AVAILABLE DATA:
==================================================
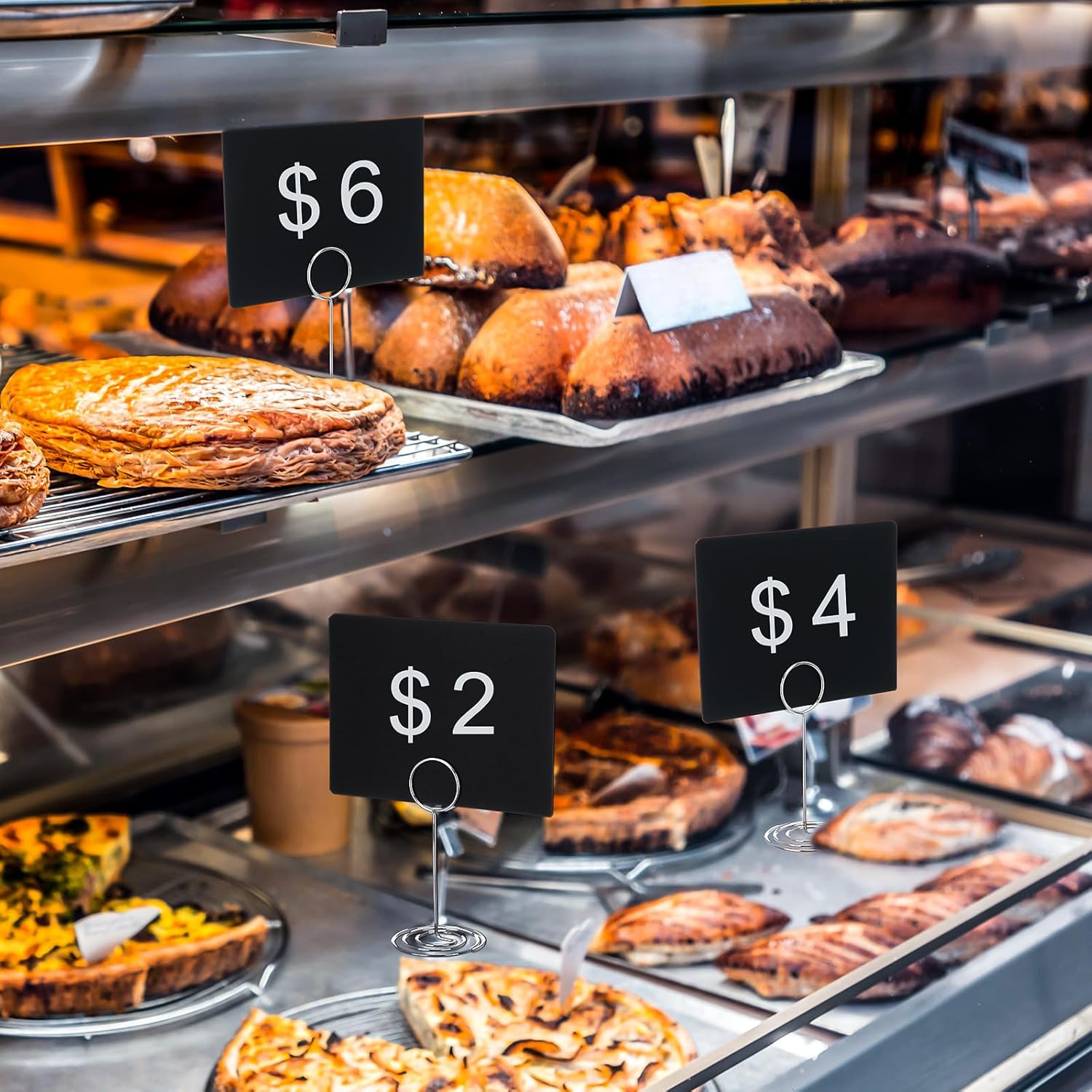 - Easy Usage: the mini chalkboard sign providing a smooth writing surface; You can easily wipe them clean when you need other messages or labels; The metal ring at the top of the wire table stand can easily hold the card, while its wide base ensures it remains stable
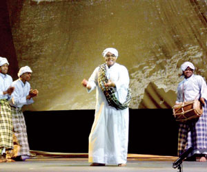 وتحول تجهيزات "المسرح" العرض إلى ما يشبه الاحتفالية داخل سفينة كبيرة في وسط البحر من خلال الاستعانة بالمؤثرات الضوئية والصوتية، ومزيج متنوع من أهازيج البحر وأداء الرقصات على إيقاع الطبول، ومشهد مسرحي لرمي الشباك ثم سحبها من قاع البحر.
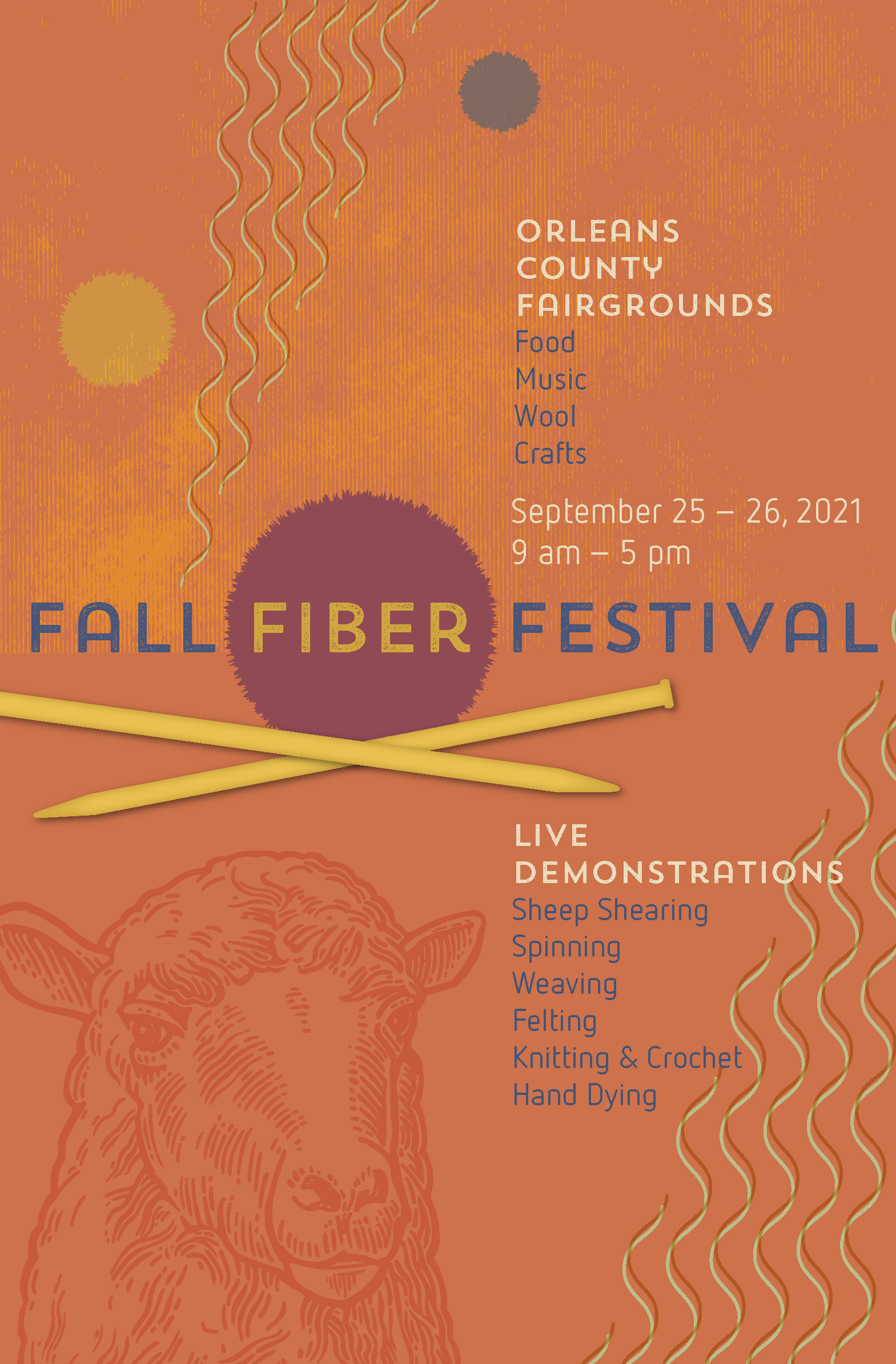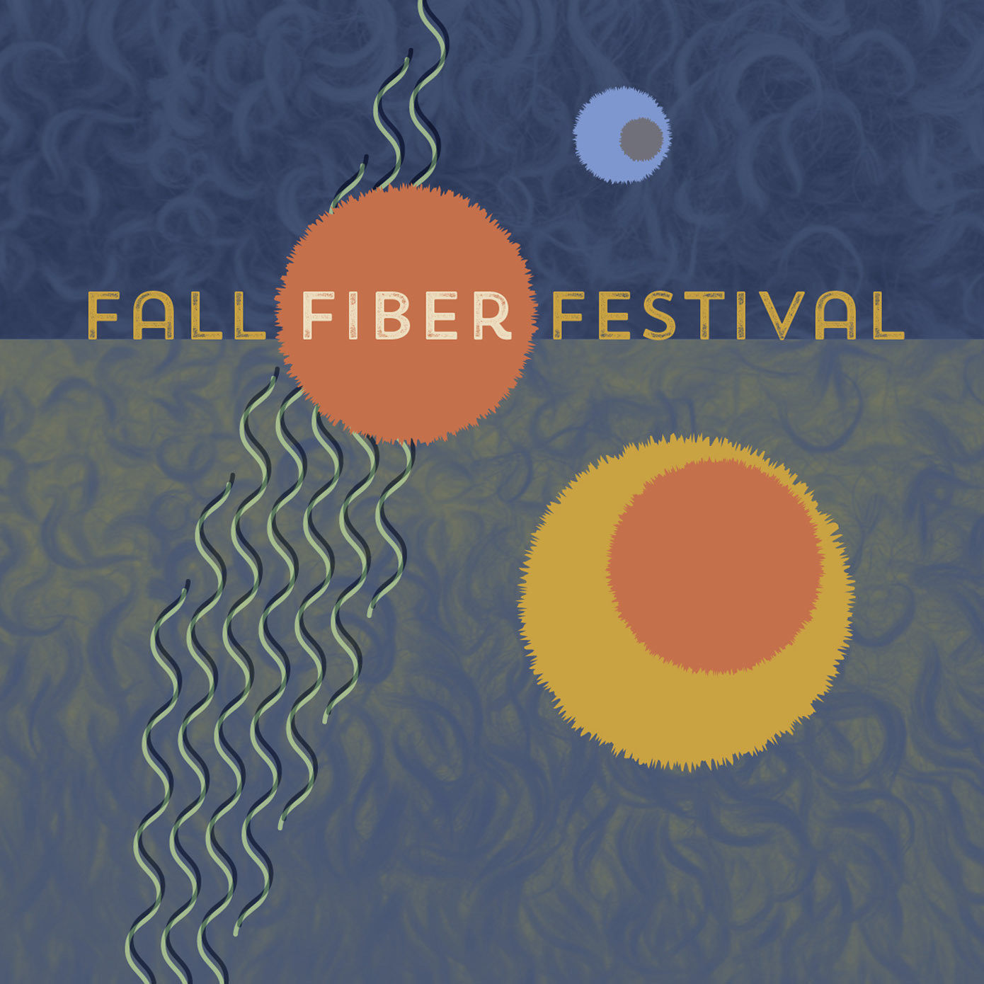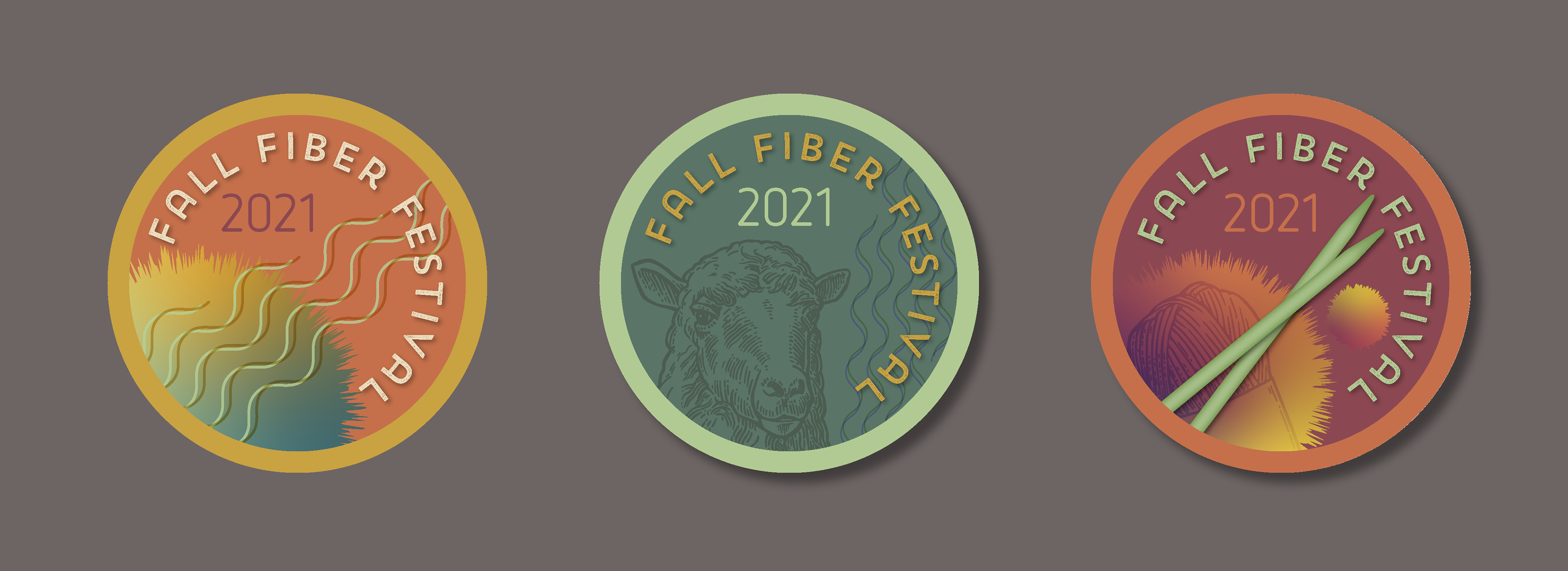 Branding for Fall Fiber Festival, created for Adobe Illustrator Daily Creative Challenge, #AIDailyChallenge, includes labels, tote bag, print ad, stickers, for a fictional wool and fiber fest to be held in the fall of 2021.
==================================================
ACTION ITEM:
With the pictures removed, write the listing out word for word.

ANSWER SPACE:
 - Easy Usage: the mini chalkboard sign providing a smooth writing surface; You can easily wipe them clean when you need other messages or labels; The metal ring at the top of the wire table stand can easily hold the card, while its wide base ensures it remains stable
 وتحول تجهيزات "المسرح" العرض إلى ما يشبه الاحتفالية داخل سفينة كبيرة في وسط البحر من خلال الاستعانة بالمؤثرات الضوئية والصوتية، ومزيج متنوع من أهازيج البحر وأداء الرقصات على إيقاع الطبول، ومشهد مسرحي لرمي الشباك ثم سحبها من قاع البحر.
 Branding for Fall Fiber Festival, created for Adobe Illustrator Daily Creative Challenge, #AIDailyChallenge, includes labels, tote bag, print ad, stickers, for a fictional wool and fiber fest to be held in the fall of 2021.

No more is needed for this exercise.